*** Opening GIVEN DATA ***

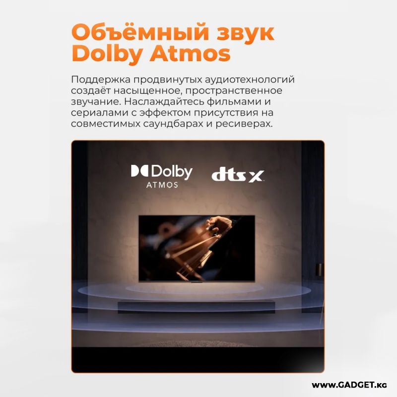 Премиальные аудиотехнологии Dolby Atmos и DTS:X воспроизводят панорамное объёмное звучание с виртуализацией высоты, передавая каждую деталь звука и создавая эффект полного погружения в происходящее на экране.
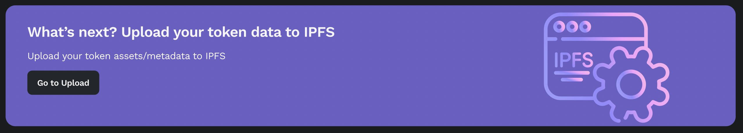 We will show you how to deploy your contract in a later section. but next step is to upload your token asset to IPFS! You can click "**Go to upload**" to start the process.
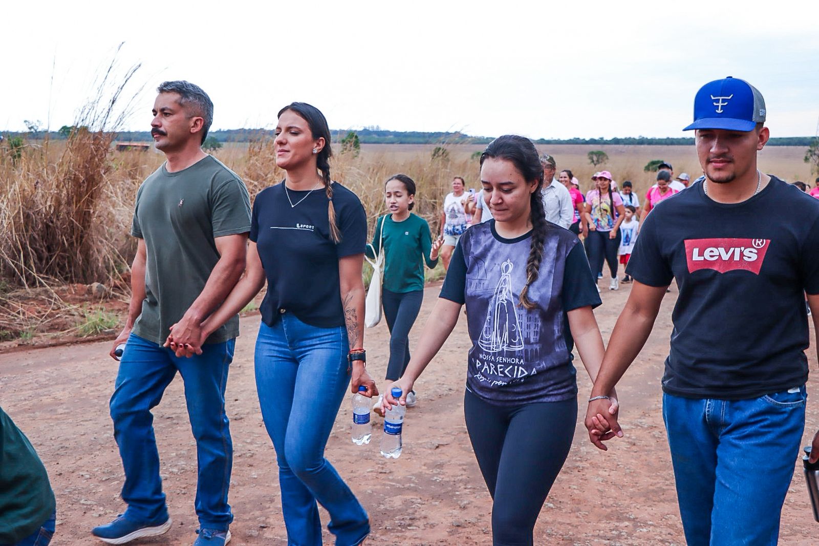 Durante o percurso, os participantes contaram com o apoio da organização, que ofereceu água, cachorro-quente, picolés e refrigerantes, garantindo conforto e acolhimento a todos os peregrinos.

*** Closing GIVEN DATA ***

WHAT THE TASK ASKS >> Your answer must be an exact copy of the data above, minus its pictures.

FINAL ANSWER >>
 Премиальные аудиотехнологии Dolby Atmos и DTS:X воспроизводят панорамное объёмное звучание с виртуализацией высоты, передавая каждую деталь звука и создавая эффект полного погружения в происходящее на экране.
 We will show you how to deploy your contract in a later section. but next step is to upload your token asset to IPFS! You can click "**Go to upload**" to start the process.
 Durante o percurso, os participantes contaram com o apoio da organização, que ofereceu água, cachorro-quente, picolés e refrigerantes, garantindo conforto e acolhimento a todos os peregrinos.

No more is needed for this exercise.